Africa Flying

People's March Felt More Like Therapy Than Resistance

People’s March Felt More Like Therapy Than Resistance


This article is part of The D.C. Brief, TIME’s politics newsletter. Sign up here to get stories like this sent to your inbox.

Mary Kramer has lived in a near-total news blackout since Election Day. The Baltimore-area healthcare professional briefly dipped her toe back into the media puddle to watch President Jimmy Carter’s funeral, but quickly returned to limited consumption of the news. Words like “despondent,” “devastated,” and “destroyed” tumble forth as she assesses her reaction to President-elect Donald Trump’s imminent return to power.

“Eight years ago, I still had hope. I still had the fight in me,” the 65-year-old said Saturday on the north side of the National Mall, where a melange of liberal causes converged in a hodgepodge of a rally just hours before Trump was set to land near Washington to launch his Inauguration festivities. “This weekend is far from the march I attended eight years ago. That had hope and fight.”

She looked around as people milled about in a cold, grey lawn with a Lincoln Memorial under renovation standing as the backdrop for speakers. “This country is just never going to elect a woman,” she said, pointing to Hillary Clinton’s and Kamala Harris’ losses to Trump. “It’s never going to happen, and we need to see it for what it is. I’m of a mind that we are not going to have a Constitution or a democracy by the time this ends. All because we just won’t vote for a woman.”

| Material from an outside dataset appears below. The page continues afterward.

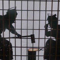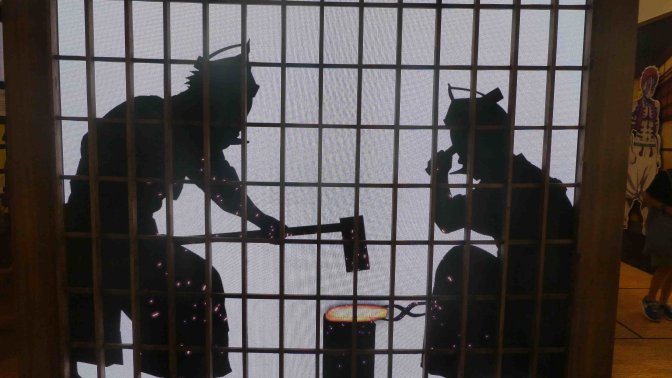 Une maison japonaise en guise de hall d’expo, avec des espaces décorés et au milieu, sous verre, des objets à regarder. Mais le plus sympathique était les animations en ombres chinoises projetées sur les cloisons à la japonaise, comme deux forgerons travaillant sur une arme.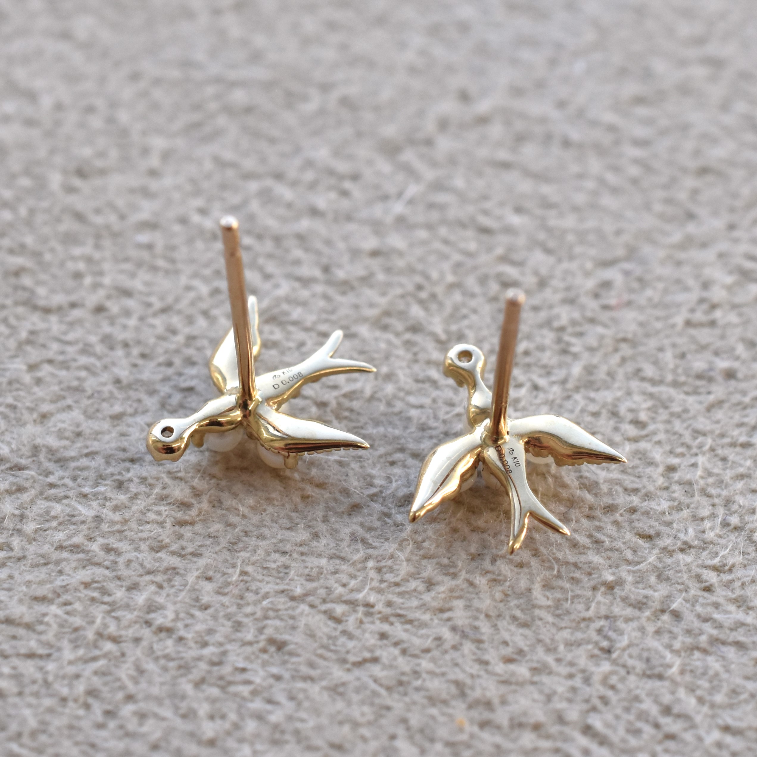 【109E0143-1】K10YG 鑽石&淡水珍珠 燕子 耳釘(ダイヤモンド&淡水パール ツバメ ピアス)

Almost exactly eight years ago, global capitals teemed with a sense of possibility, and the sunny streets of Washington were packed. On Saturday, it was loosely attended under a drab D.C. drizzle. The Reflecting Pool between the Washington Monument and the Lincoln Memorial was partially iced over. Piles of grey snow sat next to muddy stretches of the lawn. And the tall fencing was a militaristic reminder that Trump will take office in two days, even if his Inauguration ceremony has been moved inside the Capitol in anticipation of frigid temperatures on Monday.

Many of those there seemed to grasp they were in a decided minority as they brace for Trump’s return. They’re equally frustrated with their prospects for mounting any sort of meaningful blockade to Trumpism in a city where his allies control both chambers of Congress and enjoy a 6-3 majority on the Supreme Court. Whereas the first iteration of The Resistance seemed primed with potential, this facsimile feels far more muted and more than a little like a communal therapy session.

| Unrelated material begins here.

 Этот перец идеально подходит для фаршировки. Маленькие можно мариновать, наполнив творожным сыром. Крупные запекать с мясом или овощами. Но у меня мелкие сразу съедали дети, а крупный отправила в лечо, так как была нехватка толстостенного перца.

The signs and slogans were familiar. The “We Rise, We Resist, We March” and “Feminists Against Facism” prints have been de rigeur ingredients at this variety of political performance for almost a decade at this point. Others were slightly fresher, with plenty of takes from the legion of Childless Cat Ladies, as Vice President-elect J.D. Vance for some reason decided to slam Trump’s critics. Even so, it was impossible to feel any real confidence that showing up for this rally—which promoted causes at times as varied as environmental justice, Free Palestine, trans rights, and D.C. statehood—would move the needle in any measure beyond affirming the current Left’s belief that intersectionality would save it. The umbrella of the current liberal network proved mighty big, encompassing social and racial identities, niche causes like specific coral reefs, and reproductive and voting rights; it might also be fairly flimsy in the face of MAGA headwinds.

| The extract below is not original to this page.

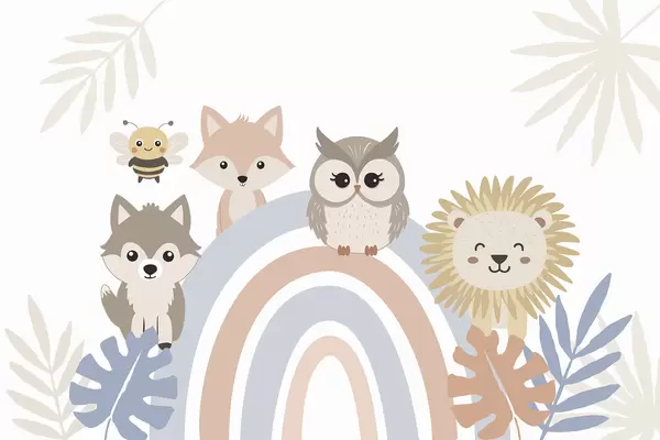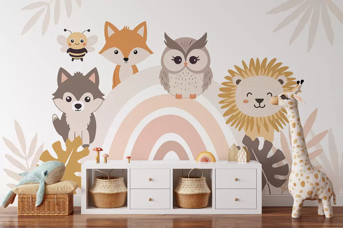 Papier peint De mignons animaux près de l'arc-en-ciel N° w05399

“I am tired. I am exhausted. I am angry,” said Nancy Casavis, sporting both a sweatshirt and hat with vulgar language on them to disparage Trump. The 66-year-old retired special education teacher who now calls The Villages, Fla., home, said she was bracing for a rough four years. “But we cannot sit down and shut up. I don’t want my grandkids thinking what they’re seeing in a Trump universe is OK.” So she held a bevvy of hand-made signs and took snaps that she plans to add to a collection of protest shots she is collecting to give her family members so “they know we were on the right side of this fight.”

To be sure, not everyone was so downtrodden. “I cannot believe that normal people voted for this man. But they did,” said Celia Laurent, a 65-year-old state administrator from the Baltimore area. “Which is why we have to keep marching.”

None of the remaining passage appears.